*Dataset extract*:
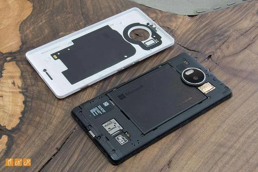 در قاب پشتی لنز بزرگ دوربین کنار فلاش 3 تایی در محوطهای جداشده از قاب قرار دارد. این لنز، طبق نوشته زیر آن، محصول کارخانه مشهور زایس است. در سمت چپ دوربین اسپیکر قرار دارد.NFC نیز درون قاب و در همین قسمت قرار گرفته، درحالیکه محل قرارگیری شارژ بدون سیم در وسط قاب پشتی است. در بخش بالایی و پایینی قاب پشتی 5 سوراخ دیده میشود که میکروفونهای دستگاه برای ضبط صدا هنگام فیلمبرداری هستند. وسط قاب پشتی نیز لوگوی زیبای مایکروسافت با جنسی از فلز خودنمایی میکند.
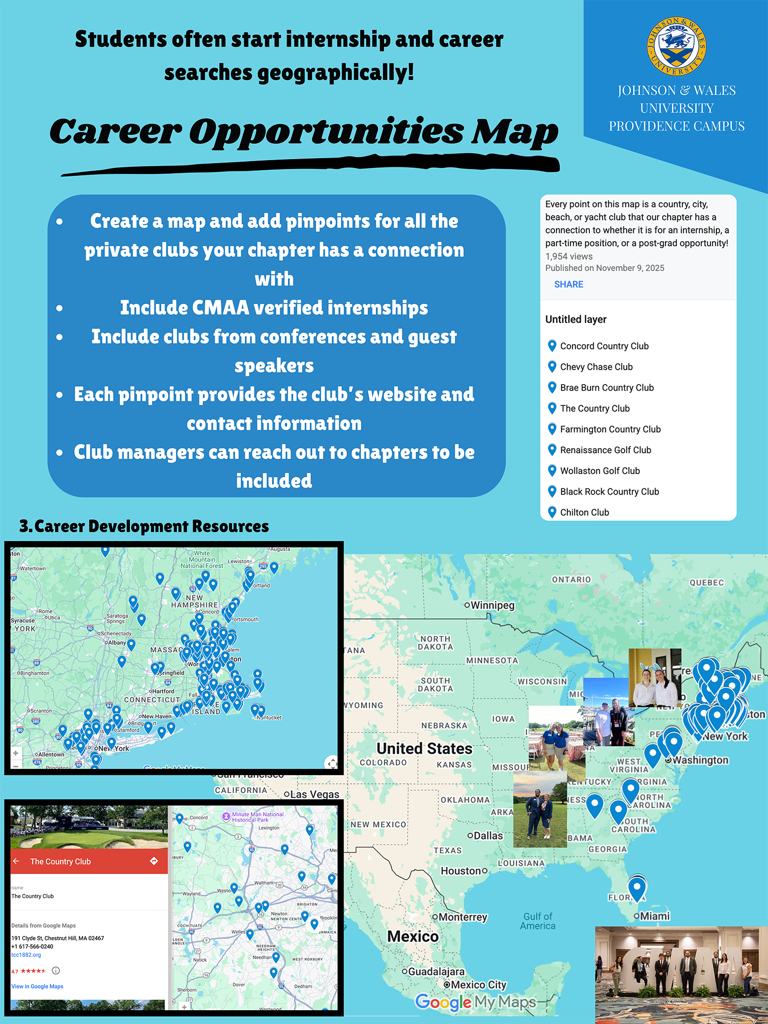 The Career Opportunities Map was created as a tool to help students easily find private clubs by geographic location. The clubs pinned on the map are ones our chapter has connections to, has visited at conferences, where alumni currently work, etc. The map has helped introduce new chapter members to the wide scope of the industry.
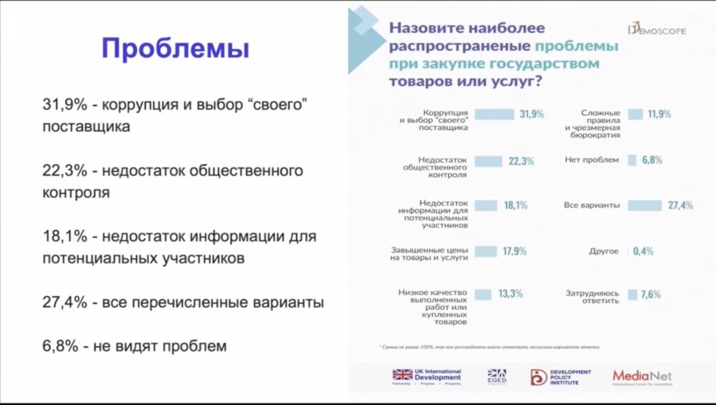 Согласно исследованию, граждане воспринимают систему закупок как закрытую, а главной проблемой называют коррупцию и практику привлечения «своих поставщиков» — так считают 31,9% опрошенных. На втором месте — отсутствие общественного контроля (22,3%), затем — сложный доступ к информации (20,2%).
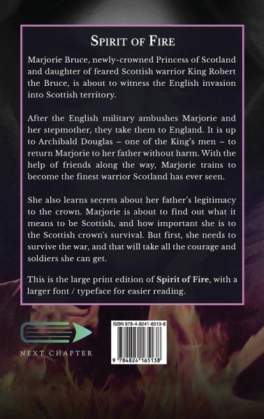 Marjorie Bruce, newly-crowned Princess of Scotland and daughter of feared Scottish warrior King Robert the Bruce, is about to witness the English invasion into Scottish territory. After the English military ambushes Marjorie and her stepmother, they take them to England. It is up to Archibald Douglas - one of the King's men - to return Marjorie to her father without harm. With the help of friends along the way, Marjorie trains to become the finest warrior Scotland has ever seen. She also learns secrets about her father's legitimacy to the crown. Marjorie is about to find out what it means to be Scottish, and how important she is to the Scottish crown's survival. But first, she needs to survive the war, and that will take all the courage and soldiers she can get. This is the large print edition of Spirit of Fire, with a larger font / typeface for easier reading.
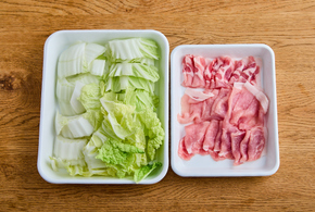 白菜は2cm幅の削ぎ切りにします。豚肉は食べやすい幅に切ります。
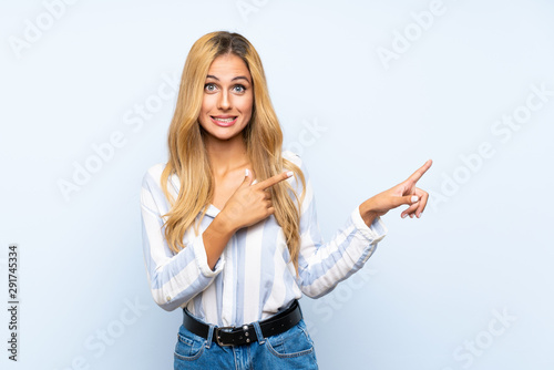 Young blonde woman over isolated blue background frightened and pointing to the side
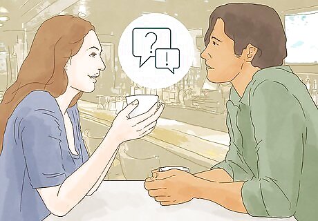 Pay attention to body language. You can communicate a great deal by simply watching how someone holds and uses their body. Observe their hands and how they are gesturing. Watch their eyes to see where you should be looking. See if their arms are crossed in a more standoffish way, or open and excited. Facial expressions are obviously a huge clue as to how someone is feeling. Are they smiling? Frowning? Do they look as if they are concentrating? About to laugh? Use your observations to guide how you respond to your partner.

*Task requirements*: Please reproduce, word for word, every line from the first line of the records above through the line containing "The Career Opportunities", and leave out the pictures.

*Problem solution*:
 در قاب پشتی لنز بزرگ دوربین کنار فلاش 3 تایی در محوطهای جداشده از قاب قرار دارد. این لنز، طبق نوشته زیر آن، محصول کارخانه مشهور زایس است. در سمت چپ دوربین اسپیکر قرار دارد.NFC نیز درون قاب و در همین قسمت قرار گرفته، درحالیکه محل قرارگیری شارژ بدون سیم در وسط قاب پشتی است. در بخش بالایی و پایینی قاب پشتی 5 سوراخ دیده میشود که میکروفونهای دستگاه برای ضبط صدا هنگام فیلمبرداری هستند. وسط قاب پشتی نیز لوگوی زیبای مایکروسافت با جنسی از فلز خودنمایی میکند.
 The Career Opportunities Map was created as a tool to help students easily find private clubs by geographic location. The clubs pinned on the map are ones our chapter has connections to, has visited at conferences, where alumni currently work, etc. The map has helped introduce new chapter members to the wide scope of the industry.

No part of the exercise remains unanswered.